SequentialFeatureSelector hyperparameter propagation doesn't work properly with GridSearch

rasbt / mlxtend

A library of extension and helper modules for Python's data analysis and machine learning libraries.

https://rasbt.github.io/mlxtend/

Other

4.91k stars 871 forks source link

SequentialFeatureSelector hyperparameter propagation doesn't work properly with GridSearch #813

Closed ptoews closed 2 years ago

ptoews commented 3 years ago

Describe the bug

When using sklearn's GridSearchCV with SequentialFeatureSelector, the configured hyperparameter values are not properly propagated to the actual classifier that is used for fitting and predicting. I put together a MWE below that is based on example 8 in the docs, the only major change is the custom classifier.

In the output listed in the docs you can see that the score doesn't change with the k parameter of the KNN, which is very strange. While searching for similar issues I found that this has already been mentioned in multiple other issues, e.g. #456 and #511. Below you can see the unexpected behavior in the suggested approach.

Steps/Code to Reproduce

from sklearn.neighbors import KNeighborsClassifier
from sklearn.datasets import load_iris
from sklearn.model_selection import train_test_split
from sklearn.model_selection import GridSearchCV
from sklearn.pipeline import Pipeline
from mlxtend.feature_selection import SequentialFeatureSelector as SFS
import mlxtend
import sklearn.base
import numpy as np

class DebugClassifier(sklearn.base.BaseEstimator):

    def __init__(self, max_depth=10):
        self.max_depth = max_depth

    def fit(self, X, y, groups=None):
        print("Fitting with max_depth =", self.max_depth)
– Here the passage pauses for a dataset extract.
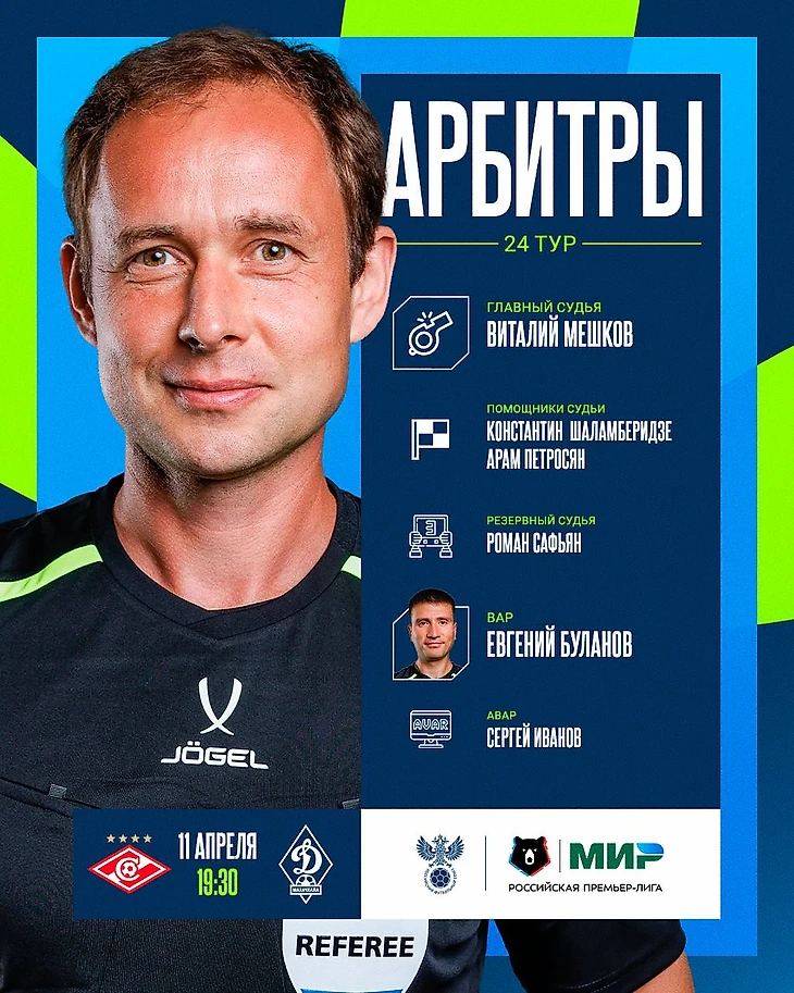 Назначена судейская бригада на матч 24-го тура РПЛ «Спартак» — «Динамо» Махачкала, который состоится 11 апреля.

    def predict(self, X, **kwargs):
        print("Predicting with max_depth =", self.max_depth)
        return np.zeros(len(X))

    def set_params(self, **kwargs):
        print("Setting params:", kwargs)
        super().set_params(**kwargs)
        print("max_depth after setparams:", self.max_depth)

iris = load_iris()
X, y = iris.data, iris.target
X_train, X_test, y_train, y_test = train_test_split(
         X, y, test_size=0.2, random_state=123)

clf = DebugClassifier(max_depth=10)

sfs1 = SFS(estimator=clf, 
           k_features=3,
           forward=True, 
           floating=False, 
           scoring='accuracy',
           cv=5)

pipe = Pipeline([('sfs', sfs1), 
                 ('clf', clf)])

param_grid = [
  {#'sfs__k_features': [1, 4],
   'sfs__estimator__max_depth': [1, 5]}
  ]

gs = GridSearchCV(estimator=pipe, 
                  param_grid=param_grid, 
                  scoring='accuracy', 
                  n_jobs=1, 
                  cv=5,
                  #iid=True,
                  refit=False)

# run gridearch
gs = gs.fit(X_train, y_train)

Expected Results

Setting params: {'max_depth': 1}
max_depth after setparams: 1
Fitting with max_depth = 1
Predicting with max_depth = 1
Fitting with max_depth = 1
Predicting with max_depth = 1
...

Actual Results

Setting params: {'max_depth': 1}
max_depth after setparams: 1
Fitting with max_depth = 10
Predicting with max_depth = 10
Fitting with max_depth = 10
Predicting with max_depth = 10
...

As you can see, the value 1 for the hyperparameter max_depth is correctly configured for some classifier, however while fitting and predicting it appears that a different classifier is used, where the default value of max_depth=10 is still set.

Versions

MLxtend 0.18.0
Linux-5.8.0-48-generic-x86_64-with-glibc2.29
Python 3.8.5 (default, Jan 27 2021, 15:41:15) 
[GCC 9.3.0]
Scikit-learn 0.24.1
NumPy 1.20.1
SciPy 1.6.1

ptoews commented 3 years ago

I've just realized that a part of this is happening intentionally as explained here: https://github.com/rasbt/mlxtend/issues/456#issuecomment-434427387 I.e. the classifiers used for feature selection and the surrounding grid search are supposed to be separate. I understand that there are good use cases for this, however since I'm at least the third person that expected the opposite I suggest to either default to sharing the classifier or at the very least document it clearly. It is very difficult to even find out what happened.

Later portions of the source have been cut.